[Opening Provided entries section]

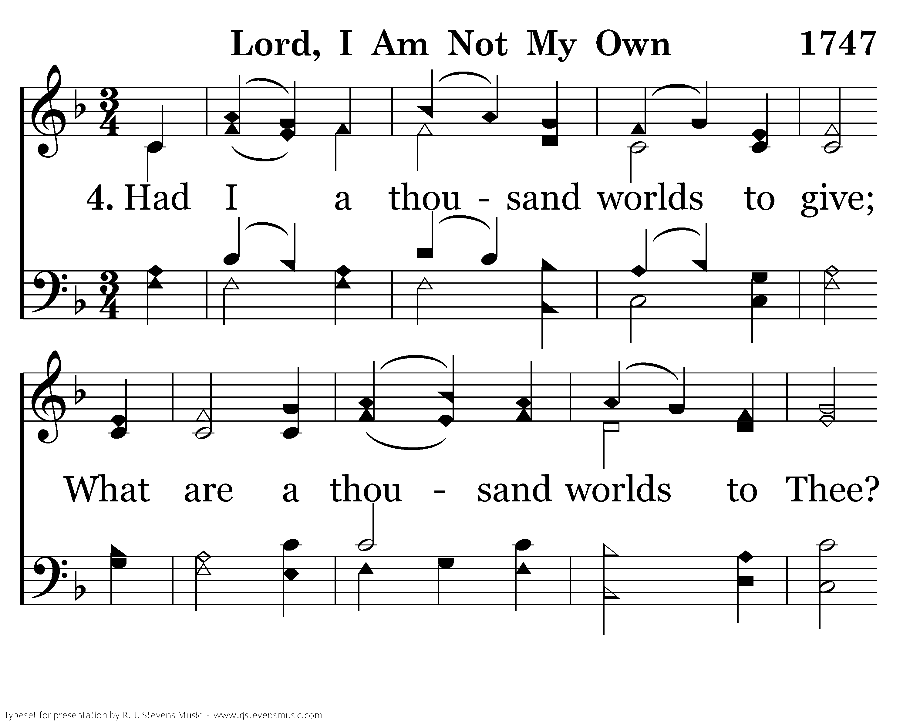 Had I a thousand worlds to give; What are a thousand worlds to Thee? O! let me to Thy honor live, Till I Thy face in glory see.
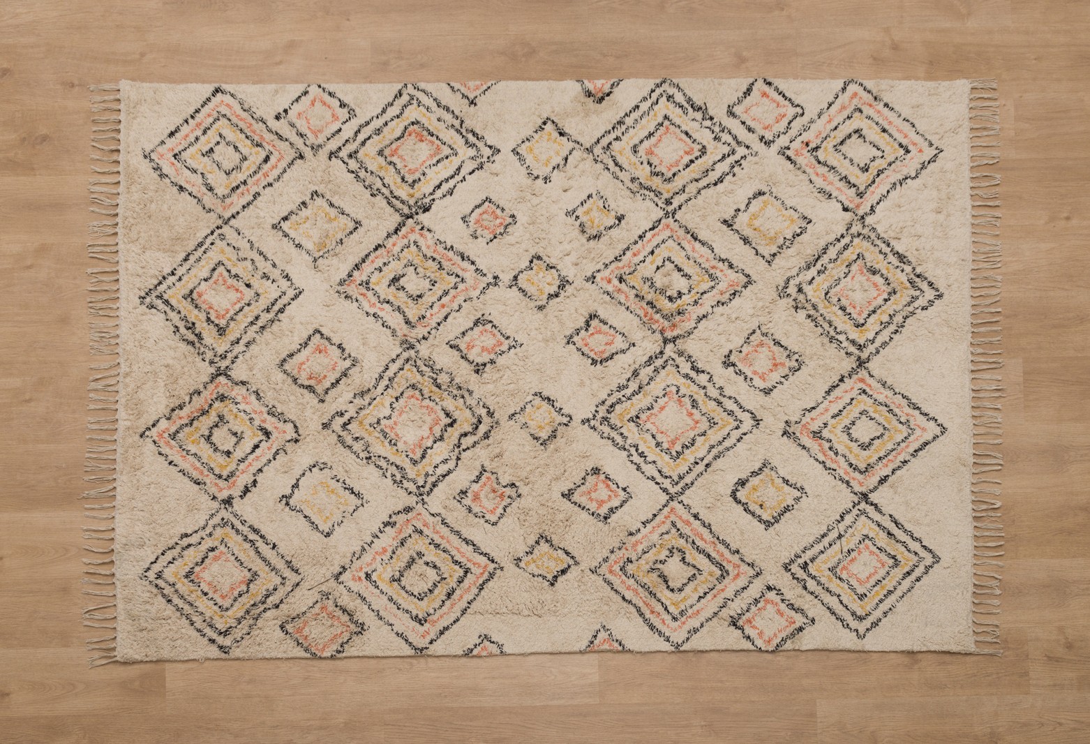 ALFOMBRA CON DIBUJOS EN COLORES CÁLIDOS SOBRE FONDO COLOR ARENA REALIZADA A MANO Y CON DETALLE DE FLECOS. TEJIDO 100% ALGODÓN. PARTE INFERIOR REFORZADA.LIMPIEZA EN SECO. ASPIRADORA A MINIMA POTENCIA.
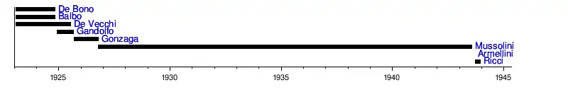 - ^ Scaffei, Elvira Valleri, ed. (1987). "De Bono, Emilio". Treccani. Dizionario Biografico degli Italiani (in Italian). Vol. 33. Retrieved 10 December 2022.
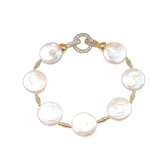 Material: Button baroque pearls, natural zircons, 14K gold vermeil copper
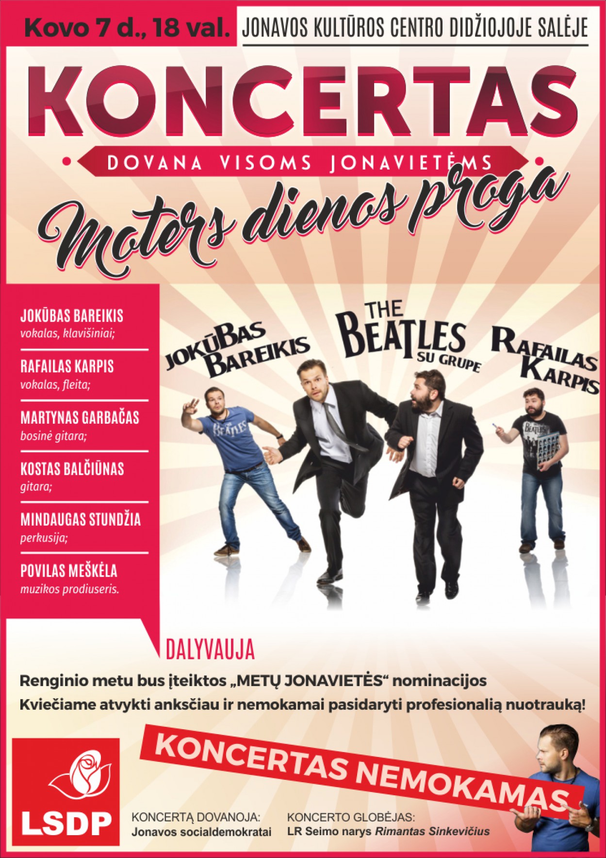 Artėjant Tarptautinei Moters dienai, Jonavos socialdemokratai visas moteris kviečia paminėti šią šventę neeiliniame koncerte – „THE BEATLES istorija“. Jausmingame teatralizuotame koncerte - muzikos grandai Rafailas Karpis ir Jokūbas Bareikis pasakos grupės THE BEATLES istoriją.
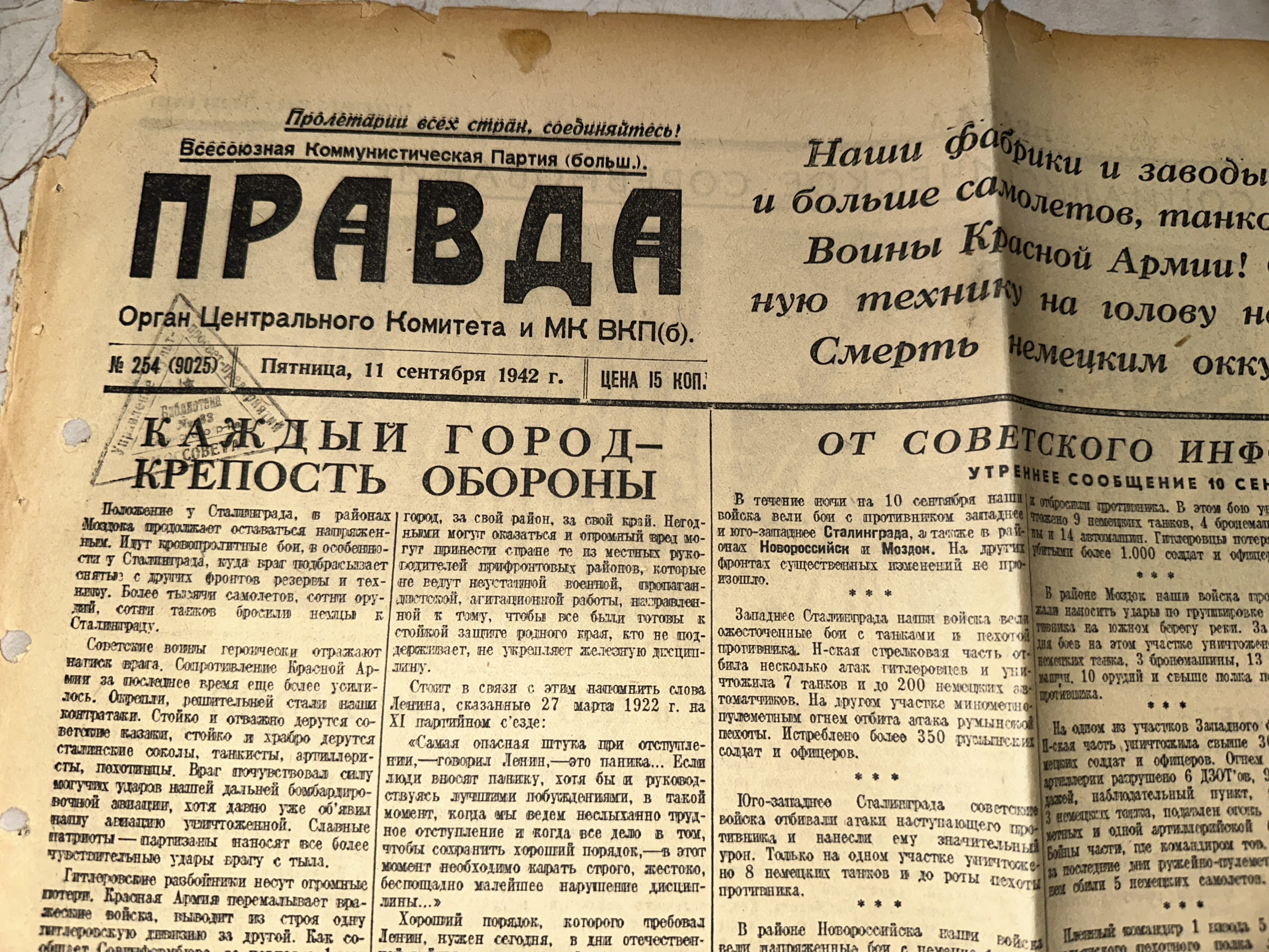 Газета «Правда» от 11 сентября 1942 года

[Closing Provided entries section]

## Task
Restate each entry word for word; pictures stay out of the copy.

## Response
 Had I a thousand worlds to give; What are a thousand worlds to Thee? O! let me to Thy honor live, Till I Thy face in glory see.
 ALFOMBRA CON DIBUJOS EN COLORES CÁLIDOS SOBRE FONDO COLOR ARENA REALIZADA A MANO Y CON DETALLE DE FLECOS. TEJIDO 100% ALGODÓN. PARTE INFERIOR REFORZADA.LIMPIEZA EN SECO. ASPIRADORA A MINIMA POTENCIA.
 - ^ Scaffei, Elvira Valleri, ed. (1987). "De Bono, Emilio". Treccani. Dizionario Biografico degli Italiani (in Italian). Vol. 33. Retrieved 10 December 2022.
 Material: Button baroque pearls, natural zircons, 14K gold vermeil copper
 Artėjant Tarptautinei Moters dienai, Jonavos socialdemokratai visas moteris kviečia paminėti šią šventę neeiliniame koncerte – „THE BEATLES istorija“. Jausmingame teatralizuotame koncerte - muzikos grandai Rafailas Karpis ir Jokūbas Bareikis pasakos grupės THE BEATLES istoriją.
 Газета «Правда» от 11 сентября 1942 года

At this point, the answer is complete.